A regional court in Prague, therefore, proposes that the Constitutional Court finding the provisions
§ 98 para. 4 the Energy Act set aside for its conflict with article. 11
paragraph. 4 of the Charter.
II.
Recap the essential parts of the representation of the parties
The constitutional court proceedings in accordance with the provisions of section
69 of the Act to the parties-the Chamber of Deputies and the Senate
Of the Czech Republic.
The Chamber of Deputies indicated that the motive of the takeover of the contested legal
the provision which is materially identical with a previous editing according to § 45
paragraph. 3 of Act No. 222/1994 Coll., was to keep the legal continuity in
cases previously assigned permissions to the production and distribution of electrical power
power, gas and heat. Considers that the contested statutory provisions with
the subject of the dispute, which is the obligation to pay the remuneration for the forced restriction
of property rights, is not related to and from the owner of the real estate
get the protection of their ownership rights. Therefore, the proposal is not considered
reasonable grounds.
The Senate said that the lack of legal provisions with article 2(1) of the contested. 11 (1) 4
Of the Charter in his debate before the adoption of the resolution on the draft of the law was not
supported by the argument, and the Constitutional Court in its decision, SP. zn. (I).
TC 137/03 did not find such a contradiction. Otherwise, against the proposal of this Act
sounded critical comments. Concerning the first, the fragmentation of the mode
refunds in the context of time series gradually adopted legal provisions,
the appropriateness of the lump-sum compensation to derived from the factual burden and to
the obligation of the owner to carry out the work in connection with the maintenance of
energy devices in protection zones at their own expense.

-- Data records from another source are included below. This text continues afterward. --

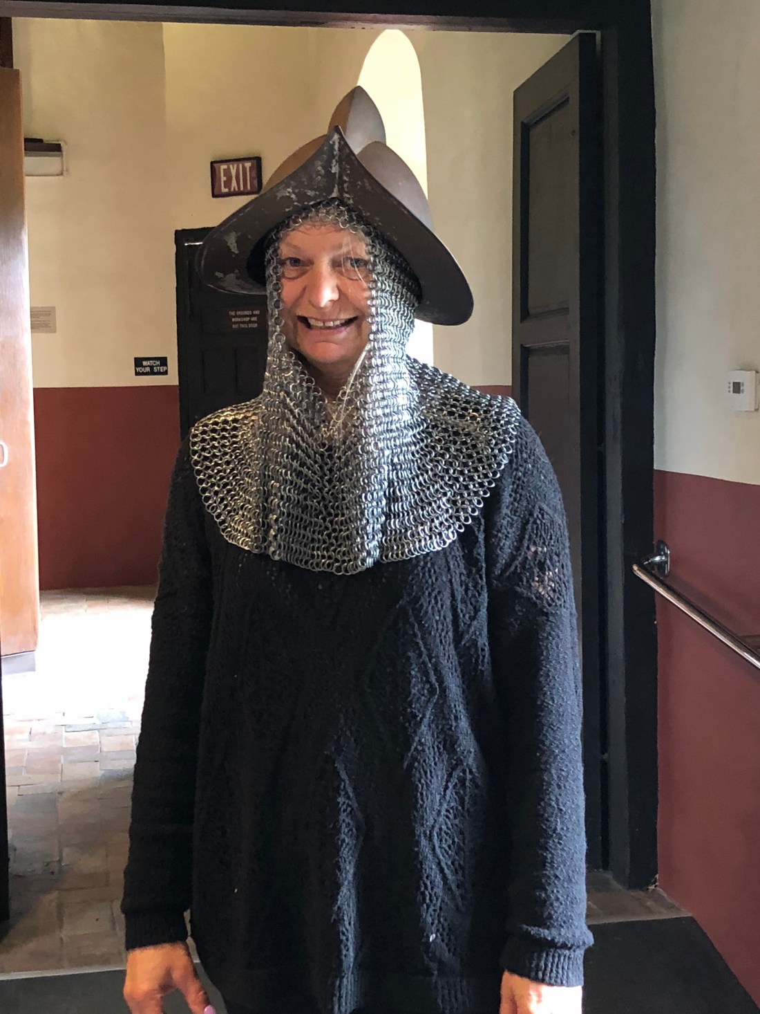Trying the traditional headwear on for size – the metal balaclava making my neck shorter by the minute (extremely heavy).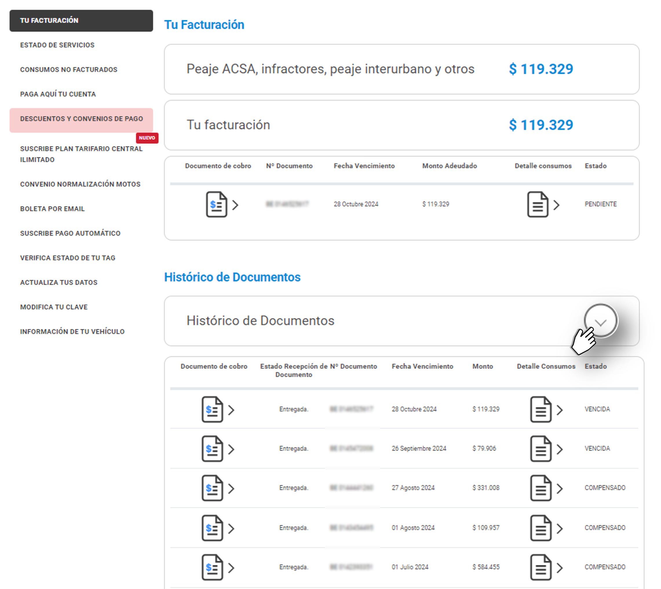 B. Ingresar inmediatamente a visualizar “Tu facturación”. En la parte inferior de la pantalla encontrará la sección “Histórico de documentos”, donde podrá observar el detalle de transacciones históricas de los 12 meses posteriores. Para visualizar el documento, haga clic en “Detalle Consumos”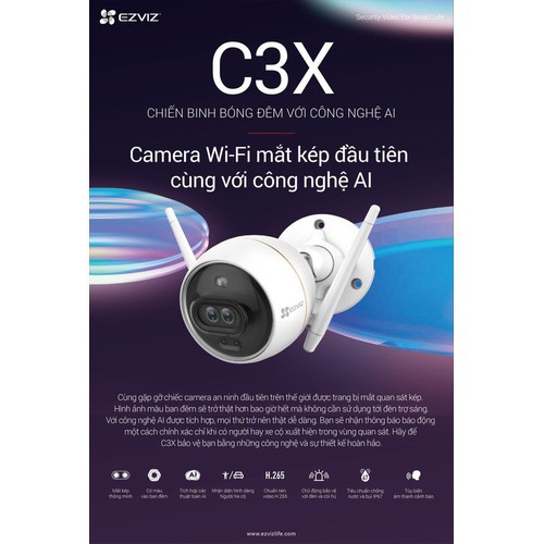 Camera EZVIZ C3X là camera đầu tiên trên thế giới được bán thương mại có sử dụng ống kính kép. Với 2 ống kính sẽ hỗ trợ Camera có màu ban đêm mà không cần sử dụng đèn hỗ trợ sáng. Công nghệ AI được tích hợp trong sản phẩm giúp nó phân biệt được người và các phương tiện, phân tích chuyển động và cảnh báo đột nhập thông minh hơn. Một sản phẩm thông minh công nghệ tiên tiến nhất trong ngành công nghiệp giám sát.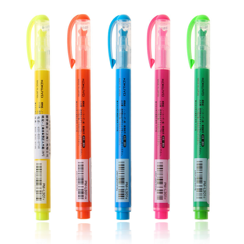 Japan KOKUYO national renowned beetle fluorescent pen student with a key marker pen multifunction mark pen color eye-catching fluorescent pen PM-L301 creative stationery hand account double-line multi-angle
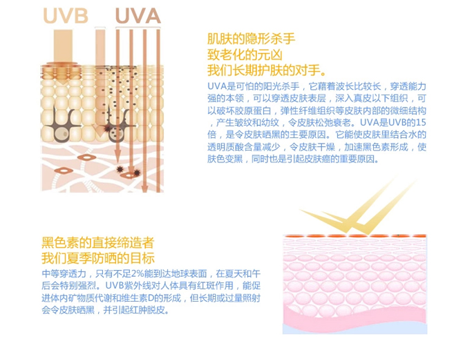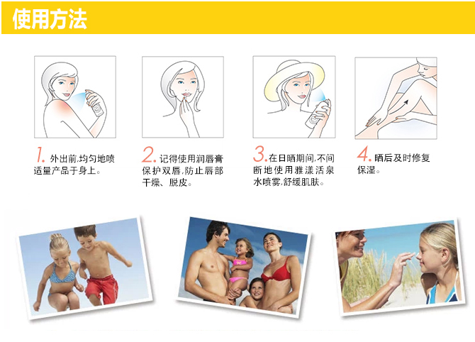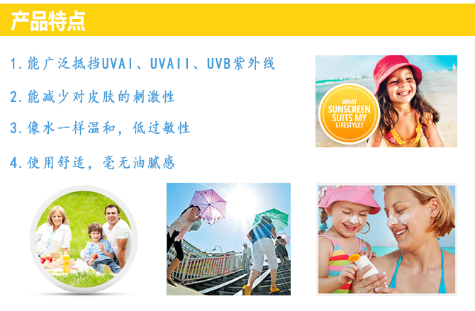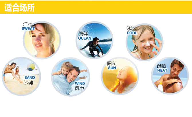 | 特别说明 | 均匀地涂在肌肤上,涂后15分钟才暴露在太阳下,游泳、抹身或隔一段时间应重覆涂抹以达至最佳防晒效果。 |

The generalization of these complaints led to the rejection of the application of this Act.
III.
The diction of the contested statutory provisions
The provisions of § 98 para. 4 the Energy Act reads as follows:
"(4) permission to foreign real estate, as well as limiting their use,
which arose before the effective date of this Act, shall remain unaffected. "
IV.
The conditions of the locus standi of the applicant
Application for annulment of the provision of section 98 para. 4 the Energy Act has been filed
The regional court in Prague in connection with his decision-making activities
(the management led by that Court under SP. zn. 30 What 351/2002) according to the article. 95
paragraph. 2 of the Constitution, and therefore in accordance with the conditions contained in the provisions of §
64 para. 3 of the Act. In the case on the side of the applicant can therefore
clear fulfillment of locus standi.
In the.
The constitutional conformity of the legislative process
The Constitutional Court is in accordance with the provisions of § 68 para. 2 of the Act on the procedure for
check the law or other legislation shall assess whether
the contested act was adopted and issued by the constitutionally prescribed way.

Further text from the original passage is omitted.